(Exercise input Opens)

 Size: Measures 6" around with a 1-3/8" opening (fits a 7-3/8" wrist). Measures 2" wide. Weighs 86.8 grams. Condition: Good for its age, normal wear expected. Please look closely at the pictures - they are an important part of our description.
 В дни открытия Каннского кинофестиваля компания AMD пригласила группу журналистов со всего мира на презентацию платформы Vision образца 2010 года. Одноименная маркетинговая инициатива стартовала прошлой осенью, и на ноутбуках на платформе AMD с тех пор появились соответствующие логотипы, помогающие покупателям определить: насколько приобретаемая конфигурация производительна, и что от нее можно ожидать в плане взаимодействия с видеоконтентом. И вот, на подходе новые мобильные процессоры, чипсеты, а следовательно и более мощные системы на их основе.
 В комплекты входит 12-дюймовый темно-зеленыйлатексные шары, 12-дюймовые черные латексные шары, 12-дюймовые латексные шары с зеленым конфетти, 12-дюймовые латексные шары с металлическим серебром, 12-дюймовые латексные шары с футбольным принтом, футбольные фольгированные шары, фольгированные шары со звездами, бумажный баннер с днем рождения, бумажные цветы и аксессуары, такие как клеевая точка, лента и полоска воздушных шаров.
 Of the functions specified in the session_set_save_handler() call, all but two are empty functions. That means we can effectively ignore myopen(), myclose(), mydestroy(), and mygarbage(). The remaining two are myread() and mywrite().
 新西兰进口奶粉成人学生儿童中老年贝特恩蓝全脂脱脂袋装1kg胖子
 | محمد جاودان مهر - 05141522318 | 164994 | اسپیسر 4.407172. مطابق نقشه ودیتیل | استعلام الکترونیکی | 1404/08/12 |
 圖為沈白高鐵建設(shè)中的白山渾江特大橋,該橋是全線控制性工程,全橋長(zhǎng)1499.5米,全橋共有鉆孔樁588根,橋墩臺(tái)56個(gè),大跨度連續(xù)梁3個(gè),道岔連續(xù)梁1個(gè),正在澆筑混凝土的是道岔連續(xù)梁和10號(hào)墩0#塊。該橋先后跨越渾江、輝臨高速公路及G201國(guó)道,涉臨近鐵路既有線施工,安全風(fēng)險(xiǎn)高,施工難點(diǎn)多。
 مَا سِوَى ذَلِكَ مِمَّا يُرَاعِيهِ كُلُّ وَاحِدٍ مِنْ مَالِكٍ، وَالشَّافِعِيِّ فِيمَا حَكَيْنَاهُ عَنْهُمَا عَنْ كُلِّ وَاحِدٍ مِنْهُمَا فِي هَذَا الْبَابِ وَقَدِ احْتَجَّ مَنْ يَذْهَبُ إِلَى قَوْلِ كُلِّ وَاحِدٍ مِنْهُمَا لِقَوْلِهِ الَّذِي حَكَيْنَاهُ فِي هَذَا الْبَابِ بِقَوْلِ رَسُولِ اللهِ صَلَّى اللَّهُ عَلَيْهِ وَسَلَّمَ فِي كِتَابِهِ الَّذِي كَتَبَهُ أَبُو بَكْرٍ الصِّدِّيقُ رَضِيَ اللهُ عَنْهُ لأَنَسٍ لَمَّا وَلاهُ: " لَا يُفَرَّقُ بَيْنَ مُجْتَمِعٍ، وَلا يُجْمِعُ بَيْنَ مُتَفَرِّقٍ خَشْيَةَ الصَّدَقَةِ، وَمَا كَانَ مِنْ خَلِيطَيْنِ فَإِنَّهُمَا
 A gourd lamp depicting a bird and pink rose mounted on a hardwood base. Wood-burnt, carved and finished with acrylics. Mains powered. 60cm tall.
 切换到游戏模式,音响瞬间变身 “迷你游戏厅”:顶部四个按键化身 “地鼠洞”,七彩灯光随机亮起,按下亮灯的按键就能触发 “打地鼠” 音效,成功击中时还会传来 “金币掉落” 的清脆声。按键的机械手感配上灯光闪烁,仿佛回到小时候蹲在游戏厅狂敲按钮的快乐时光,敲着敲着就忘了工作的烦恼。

(Exercise input Closes)

All of the material is to be retyped verbatim.

» Task response
 Size: Measures 6" around with a 1-3/8" opening (fits a 7-3/8" wrist). Measures 2" wide. Weighs 86.8 grams. Condition: Good for its age, normal wear expected. Please look closely at the pictures - they are an important part of our description.
 В дни открытия Каннского кинофестиваля компания AMD пригласила группу журналистов со всего мира на презентацию платформы Vision образца 2010 года. Одноименная маркетинговая инициатива стартовала прошлой осенью, и на ноутбуках на платформе AMD с тех пор появились соответствующие логотипы, помогающие покупателям определить: насколько приобретаемая конфигурация производительна, и что от нее можно ожидать в плане взаимодействия с видеоконтентом. И вот, на подходе новые мобильные процессоры, чипсеты, а следовательно и более мощные системы на их основе.
 В комплекты входит 12-дюймовый темно-зеленыйлатексные шары, 12-дюймовые черные латексные шары, 12-дюймовые латексные шары с зеленым конфетти, 12-дюймовые латексные шары с металлическим серебром, 12-дюймовые латексные шары с футбольным принтом, футбольные фольгированные шары, фольгированные шары со звездами, бумажный баннер с днем рождения, бумажные цветы и аксессуары, такие как клеевая точка, лента и полоска воздушных шаров.
 Of the functions specified in the session_set_save_handler() call, all but two are empty functions. That means we can effectively ignore myopen(), myclose(), mydestroy(), and mygarbage(). The remaining two are myread() and mywrite().
 新西兰进口奶粉成人学生儿童中老年贝特恩蓝全脂脱脂袋装1kg胖子
 | محمد جاودان مهر - 05141522318 | 164994 | اسپیسر 4.407172. مطابق نقشه ودیتیل | استعلام الکترونیکی | 1404/08/12 |
 圖為沈白高鐵建設(shè)中的白山渾江特大橋,該橋是全線控制性工程,全橋長(zhǎng)1499.5米,全橋共有鉆孔樁588根,橋墩臺(tái)56個(gè),大跨度連續(xù)梁3個(gè),道岔連續(xù)梁1個(gè),正在澆筑混凝土的是道岔連續(xù)梁和10號(hào)墩0#塊。該橋先后跨越渾江、輝臨高速公路及G201國(guó)道,涉臨近鐵路既有線施工,安全風(fēng)險(xiǎn)高,施工難點(diǎn)多。
 مَا سِوَى ذَلِكَ مِمَّا يُرَاعِيهِ كُلُّ وَاحِدٍ مِنْ مَالِكٍ، وَالشَّافِعِيِّ فِيمَا حَكَيْنَاهُ عَنْهُمَا عَنْ كُلِّ وَاحِدٍ مِنْهُمَا فِي هَذَا الْبَابِ وَقَدِ احْتَجَّ مَنْ يَذْهَبُ إِلَى قَوْلِ كُلِّ وَاحِدٍ مِنْهُمَا لِقَوْلِهِ الَّذِي حَكَيْنَاهُ فِي هَذَا الْبَابِ بِقَوْلِ رَسُولِ اللهِ صَلَّى اللَّهُ عَلَيْهِ وَسَلَّمَ فِي كِتَابِهِ الَّذِي كَتَبَهُ أَبُو بَكْرٍ الصِّدِّيقُ رَضِيَ اللهُ عَنْهُ لأَنَسٍ لَمَّا وَلاهُ: " لَا يُفَرَّقُ بَيْنَ مُجْتَمِعٍ، وَلا يُجْمِعُ بَيْنَ مُتَفَرِّقٍ خَشْيَةَ الصَّدَقَةِ، وَمَا كَانَ مِنْ خَلِيطَيْنِ فَإِنَّهُمَا
 A gourd lamp depicting a bird and pink rose mounted on a hardwood base. Wood-burnt, carved and finished with acrylics. Mains powered. 60cm tall.
 切换到游戏模式,音响瞬间变身 “迷你游戏厅”:顶部四个按键化身 “地鼠洞”,七彩灯光随机亮起,按下亮灯的按键就能触发 “打地鼠” 音效,成功击中时还会传来 “金币掉落” 的清脆声。按键的机械手感配上灯光闪烁,仿佛回到小时候蹲在游戏厅狂敲按钮的快乐时光,敲着敲着就忘了工作的烦恼。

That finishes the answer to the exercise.